**EXERCISE MATERIALS:**
Start of Block

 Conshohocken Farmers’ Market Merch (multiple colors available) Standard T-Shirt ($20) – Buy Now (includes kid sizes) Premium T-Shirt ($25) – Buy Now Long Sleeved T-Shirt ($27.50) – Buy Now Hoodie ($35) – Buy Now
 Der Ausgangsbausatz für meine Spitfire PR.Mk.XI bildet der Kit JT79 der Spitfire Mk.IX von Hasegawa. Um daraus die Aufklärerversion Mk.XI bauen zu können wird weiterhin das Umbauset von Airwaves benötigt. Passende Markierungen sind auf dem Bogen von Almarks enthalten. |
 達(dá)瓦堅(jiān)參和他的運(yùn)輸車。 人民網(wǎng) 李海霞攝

End of Block
Start of Block

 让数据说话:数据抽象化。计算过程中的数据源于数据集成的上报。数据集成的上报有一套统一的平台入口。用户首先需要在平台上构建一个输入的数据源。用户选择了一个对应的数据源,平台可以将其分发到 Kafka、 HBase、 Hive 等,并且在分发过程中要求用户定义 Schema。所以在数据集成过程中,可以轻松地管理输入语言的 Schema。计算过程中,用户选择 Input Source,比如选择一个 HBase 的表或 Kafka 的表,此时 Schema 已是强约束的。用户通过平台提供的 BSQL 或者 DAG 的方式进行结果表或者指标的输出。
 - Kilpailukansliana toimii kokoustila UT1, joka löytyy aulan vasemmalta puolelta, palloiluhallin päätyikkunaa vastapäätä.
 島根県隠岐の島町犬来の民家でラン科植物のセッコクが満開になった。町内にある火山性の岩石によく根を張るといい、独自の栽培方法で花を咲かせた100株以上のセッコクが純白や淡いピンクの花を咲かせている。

End of Block

**EXERCISE BRIEF:** Output the lines above exactly, but only those between the line holding "- Kilpailukansliana toimii" and the line holding "島根県隠岐の島町犬来の民家で", inclusive.

**EXERCISE RESULT:**
 - Kilpailukansliana toimii kokoustila UT1, joka löytyy aulan vasemmalta puolelta, palloiluhallin päätyikkunaa vastapäätä.
 島根県隠岐の島町犬来の民家でラン科植物のセッコクが満開になった。町内にある火山性の岩石によく根を張るといい、独自の栽培方法で花を咲かせた100株以上のセッコクが純白や淡いピンクの花を咲かせている。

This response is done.